Eric Dumazet wrote on Fri, Apr 13, 2018:
> That might be caused by some TS val/ecr breakage :
>
> Many acks were received by the server tcpdump,
> but none of them was accepted by TCP stack, for some reason.
>
> Try to disable TCP timestamps, it will give some hint if bug does not
> reproduce.
This was spot on, after disabling tcp timestamps I cannot reproduce the
hang anymore.
I've had another look at the original sequence (as seen by the server)

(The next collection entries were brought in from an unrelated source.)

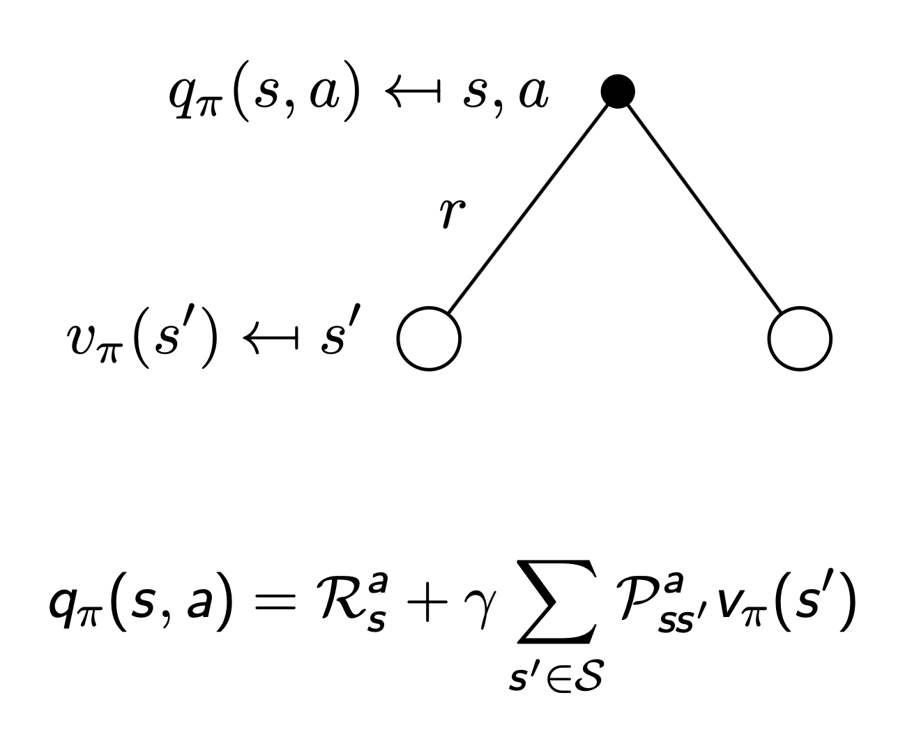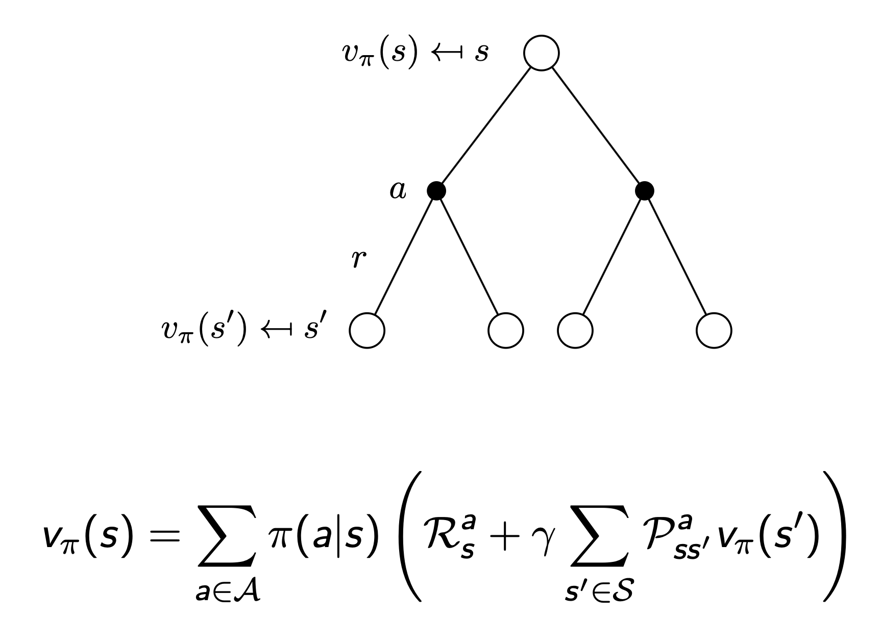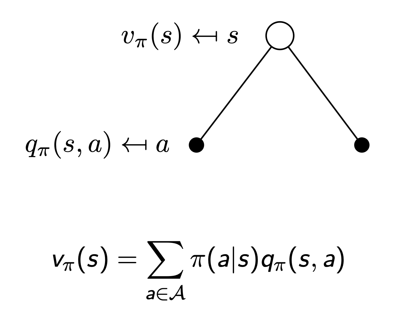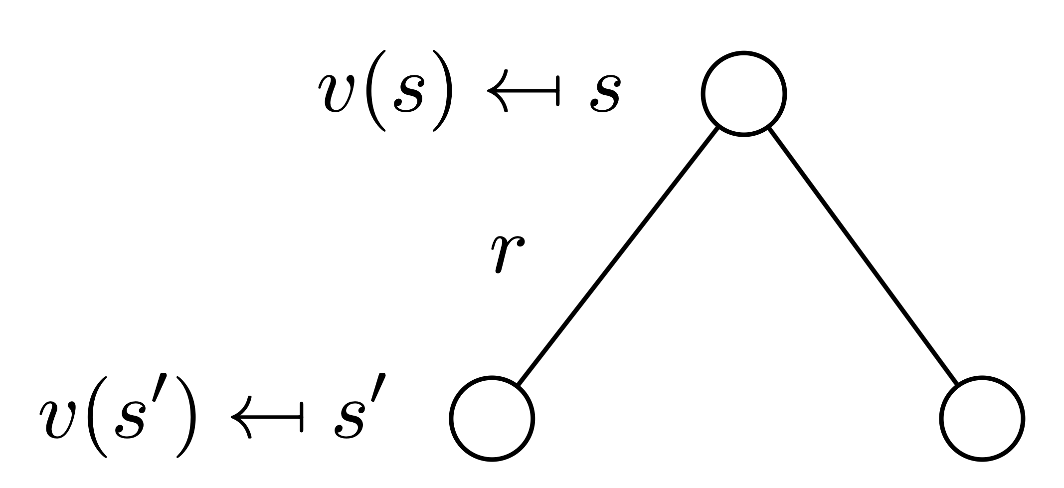 \[v(s) = \mathbb{E}[G_t | S_t=s] \\ = \mathbb{E}[R_{t+1} + \gamma R_{t+2} + \gamma^2 R_{t+3} + ... | S_t=s] \\ = \mathbb{E}[R_{t+1} + \gamma (R_{t+2} + \gamma R_{t+3} + ...) | S_t=s] \\ = \mathbb{E}[R_{t+1} + \gamma G_{t+1} | S_t=s] \\ = \mathbb{E}[R_{t+1} + \gamma v(S_{t+1}) | S_t=s] \\\]- 엣지가 한 개인 트리로 표현 가능
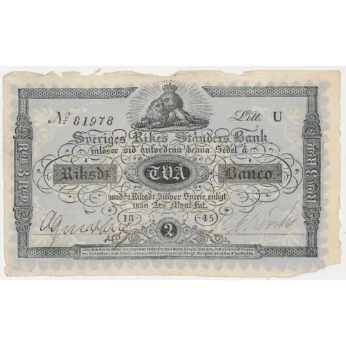 Sveriges Rikes Ständers Bank inlöser vid anfordran denna Sedel å Två Riksdaler Banco med ¾ Riksdr. Silfver Specie enligt 1830 Ård Mynt-fot. Den som denna Sedel efterapar eller förfalskar skall warda hängd. Men den som upptäcker Efteraparen, Förfalskaren eller Utprånglaren undfår belöning enligt Kungl. Kungörelsen af den 7 Julii 1818. (Translation: Sweden`s Estates of the Realm Bank will pay, on demand, for this note Two Riksdaler Banco with ¾ Riksdaler in silver specie according to the Year 1830 coinage standard. Those who mimic of forge this note shall be hanged. However, those who discover mimics, forgers or distributors will recieve reward according to the royal proclomation of the 7th of July 1818.) |
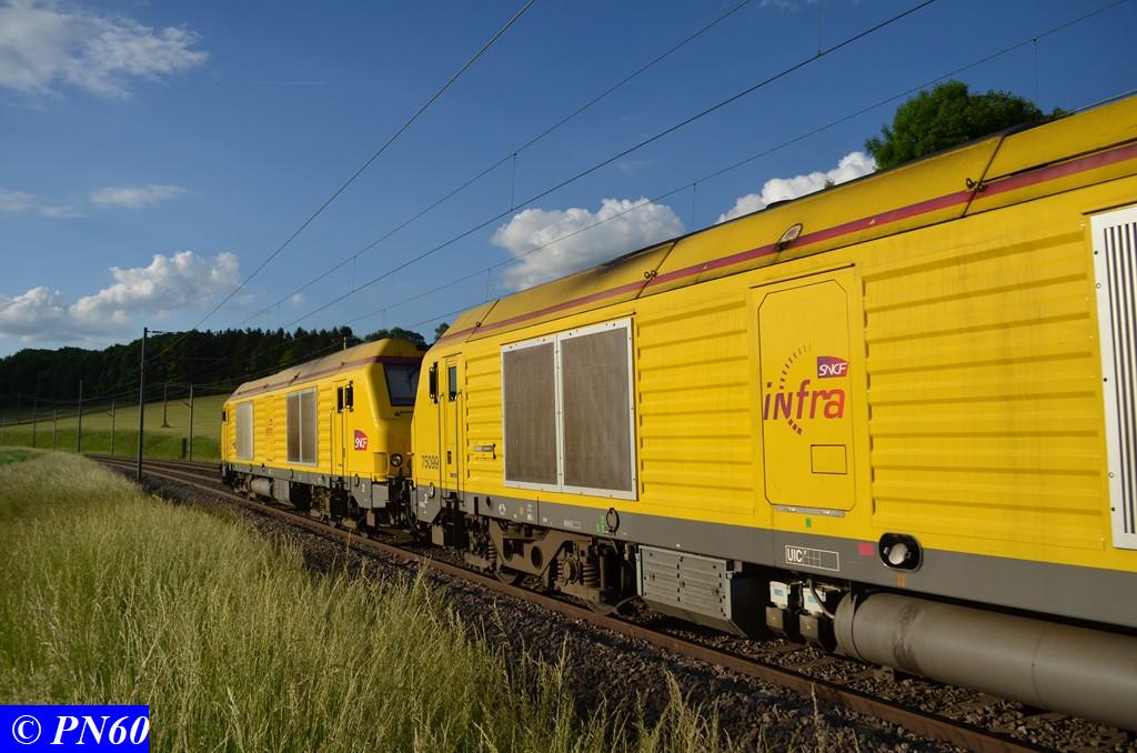 Bonjour Voici la machine (mise en service le 28-01-2009) avec une rame de wagons plats R39 et de la rame LRS ensemble n°23 sur la zone de garage des rames infra à Saint Pierre des Corps le jeudi 20-11-2014, train vide pour Moulin-Neuf
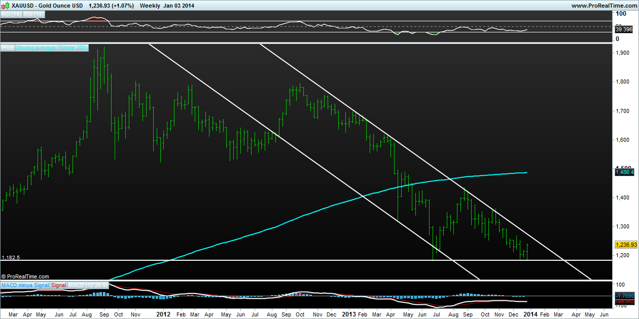 Estou exposto ao ouro através de um etf, o IAU, e o volume deste segundo toque no suporte foi fraquinho, mas se a Ltd for quebrada e a seguir tivermos um higher high e um higher low podemos ter um 2014 dourado. Mas por enquanto estou 100% urso...
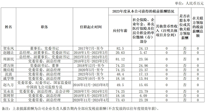 中國商用飛機(jī)有限責(zé)任公司企業(yè)負(fù)責(zé)人2023年度薪酬情況

and I don't see much wrong; tell me what I missed:
- the replayed packet has seq 32004:33378, so the first ignored ack
would be the one with ack 33378, is that right? (meaning the server did
accept the one for 32004 and none after that)
Assuming it is, excerpt from around then (first emission of that packet then
client replies):
16:49:26.700531 IP <server>.13317 > <client>.31872: Flags [.], seq 32004:33378,
ack 4190, win 307, options [nop,nop,TS val 1313937607 ecr 1617129440], length
1374
...
16:49:26.728084 IP <client>.31872 > <server>.13317: Flags [.], ack 32004, win
759, options [nop,nop,TS val 1617129473 ecr 1313937602], length 0
...
16:49:26.729531 IP <client>.31872 > <server>.13317: Flags [.], ack 33378, win
782, options [nop,nop,TS val 1617129475 ecr 1313937607], length 0
16:49:26.730002 IP <client>.31872 > <server>.13317: Flags [.], ack 34752, win
805, options [nop,nop,TS val 1617129475 ecr 1313937607], length 0
...
16:49:26.731634 IP <client>.31872 > <server>.13317: Flags [.], ack 36126, win
827, options [nop,nop,TS val 1617129476 ecr 1313937607], length 0
- the ecr value matches the val of the packet it acks
- the val is >= that of previous packet (won't be considered
reorder/should pass paws check?)
- even if the packets are processed in parallel and some kind of race
occurs, a "bigger" ack should ack all the previous packets, right?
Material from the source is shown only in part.